Colombia’s Prosecutor General’s Office opened up two new criminal investigations into irregularities in the provision of medical care and mismanagement of funds administrated by the government agency Fosyga, W Radio announced Wednesday.
The prosecutor general and the National Police have begun an investigation into the legal representatives, partners and other employees from 15 healthcare providers (IPS).
The hospital and doctor’s office employees allegedly received money from Fosyga for medical services that were never provided to patients.
According to preliminary investigators, these irregular IPS institutions, known as “paper companies,” have been operating since 2004.
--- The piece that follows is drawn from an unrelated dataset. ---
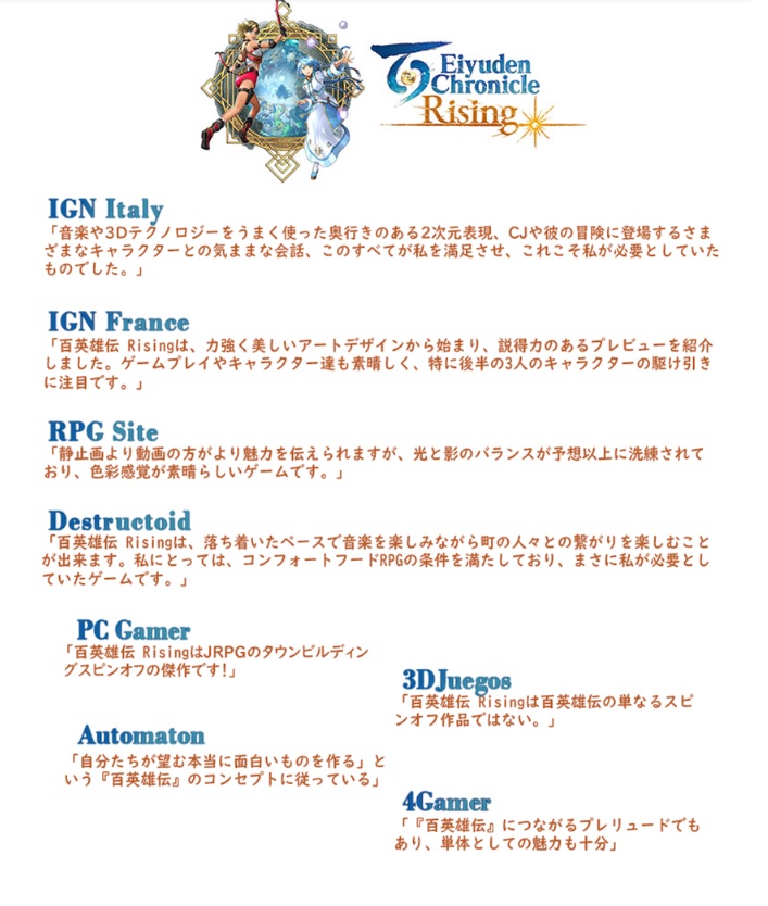 『百英雄伝Rising』を楽しんでもらえる事を願っています。

In the second investigation, the Prosecutor General’s Office is looking into the alleged criminal activities of a number of health insurance (EPS) companies. These EPS companies reportedly provided healthcare to ineligible recipients.
According to the prosecutor general, the EPS companies illegally collected social security funds for recipients (mostly state employees) already covered by a special healthcare plan. The EPS companies, reportedly aware that the patients were doubly covered, are believed to have embezzled the surplus funds.
Several officials from the various EPS companies, as well as from the Ministry of Social Protection and Fosyga, are already the subject of current investigations.
Payments requests to Fosyga and the Ministry of Social Protection made by five other EPS companies, Salud Colpatria, Coomeva, Ecopsos, Famisanar, and Solsalud, were also found to be fraudulent.
There were multiple cases of “dead people receiving benefits, monumental budget overruns and people successfully petitioning for a health service to be funded, but never receiving the money because it was kept by middlemen,” said Colombia’s President Juan Manuel Santos in May.
Investigators determined that Fosyga reimbursed the EPS payment requests without proper consideration, receipts, or any official letters.
In some cases, payments were supported by claims with names that did not coincide with that of the patient. Other claims were for people who were not even affiliated to that particular EPS and in certain instances the medication authorized did not reach the patient.